The robustness of explainable artificial intelligence (XAI) models is a cornerstone for their effectiveness and trustworthiness in high-stakes environments. As AI technologies permeate sensitive areas such as environmental monitoring and energy management, the demand for models that not only perform consistently but also offer transparent decision-making processes intensifies. This study introduces a transformative methodological innovation in XAI that significantly enhances the robustness and interpretability of predictive models. Employing advanced machine learning algorithms—XGBoost, Multi-layer Perceptron, and Keras Sequential Neural Networks—integrated with leading-edge XAI tools like Tree SHAP, Kernel SHAP, and Deep SHAP, our framework sets a new standard in the fidelity and accountability of AI systems.

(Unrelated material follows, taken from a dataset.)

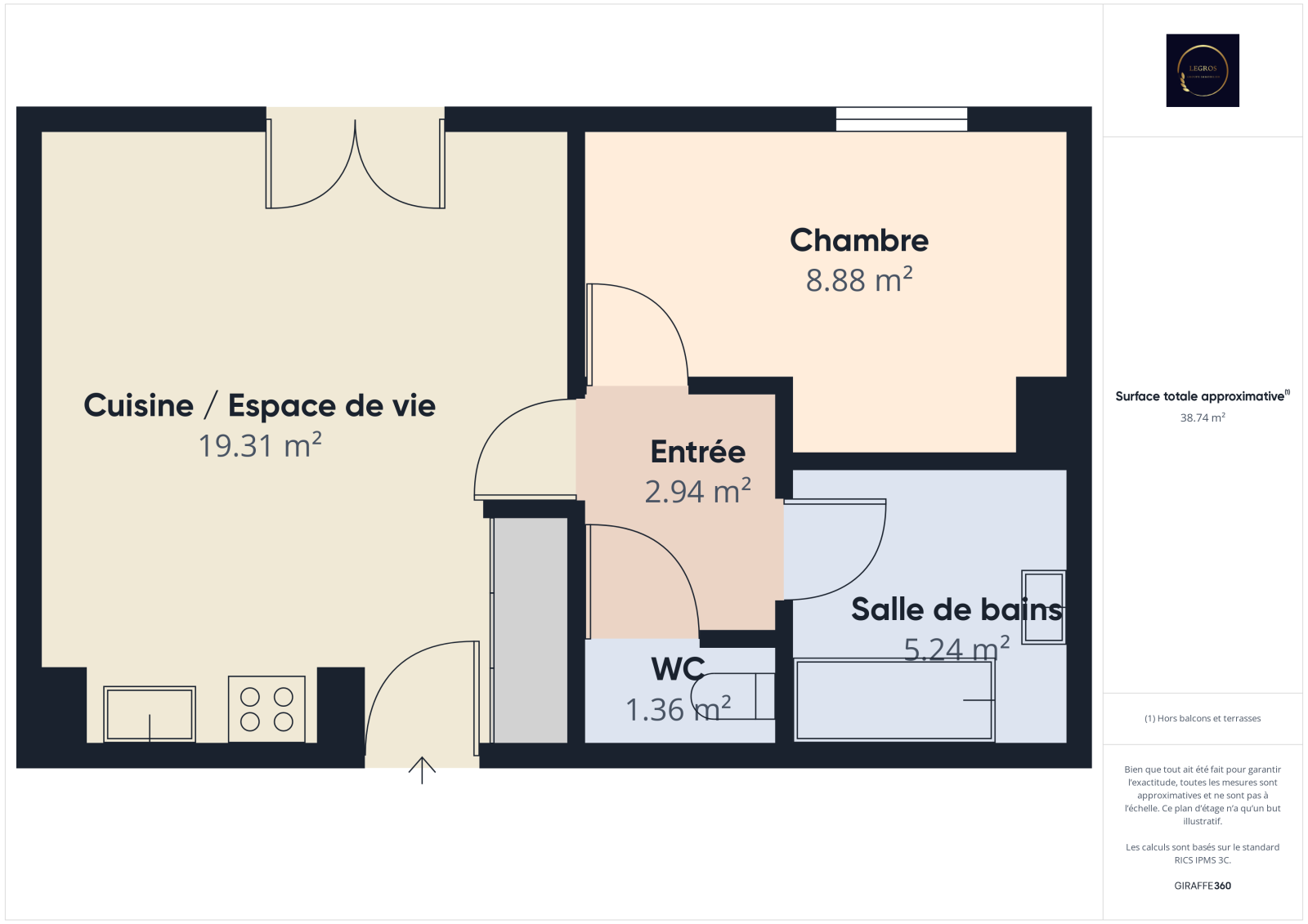 Appartement T2 de 41 m² avec terrasse et place de stationnement attitrée.

Central to our methodology is the development of two novel metrics: the Stability Correlation Index (SCI) and the Explanation Integrity Metric (EIM). These metrics are specifically designed to critically evaluate the stability and reliability of explanations provided by AI models across varied and unpredictable data landscapes. By quantifying the consistency of model explanations under dynamic conditions, these metrics address a crucial gap in current AI practices—ensuring that AI systems remain robust against data perturbations and environmental changes, which is essential for their deployment in real-world scenarios.

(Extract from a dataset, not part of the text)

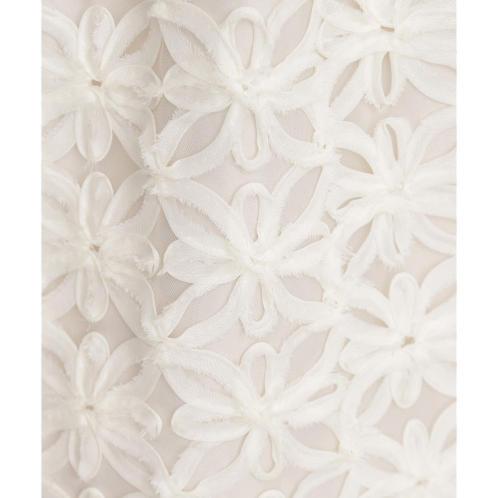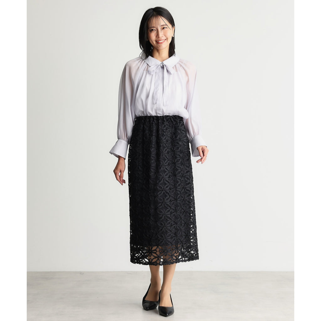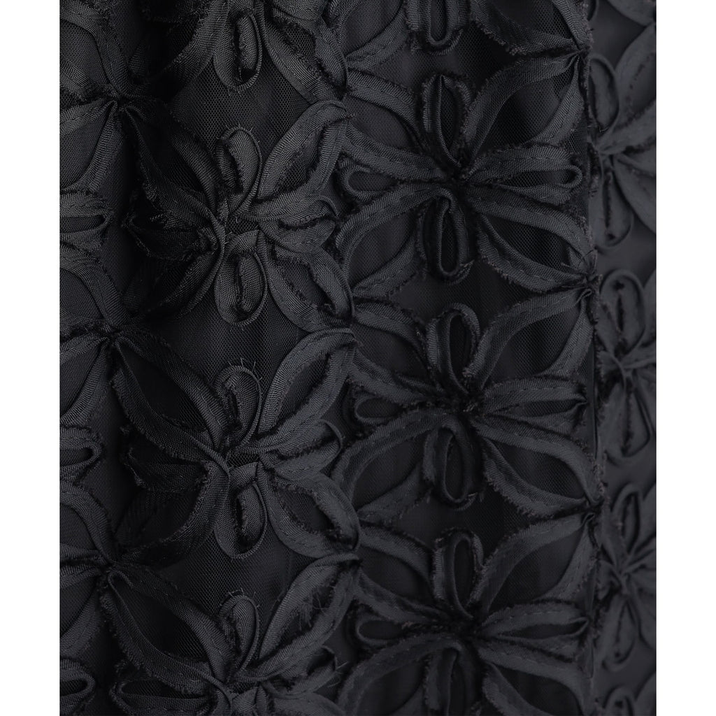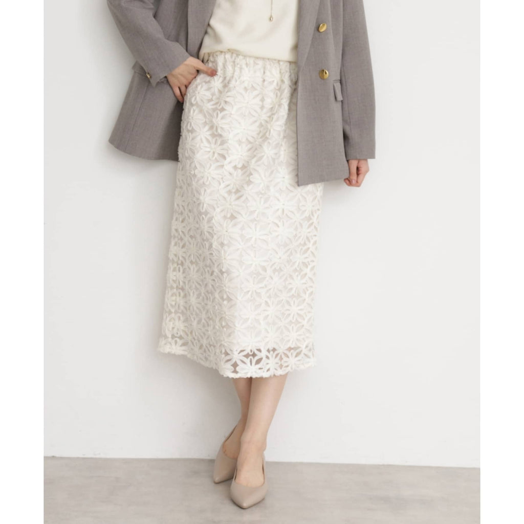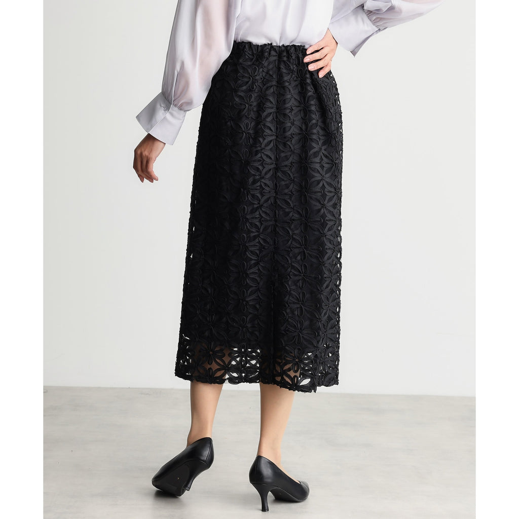 A delicate tight skirt made of sheer tulle fabric with floral pattern embroidery.

Our application of this robust framework to a case study in Community Renewable Energy (CRE) illustrates its practical value. In CRE projects, understanding the multifaceted factors influencing community engagement is vital for the successful implementation and sustainability of renewable initiatives. By applying our robust XAI methods, we not only enhance the predictive accuracy but also provide stakeholders with clear, interpretable insights into the complex dynamics of community participation. This dual capability is indispensable for designing effective, data-driven strategies that promote widespread adoption and support for renewable energy projects.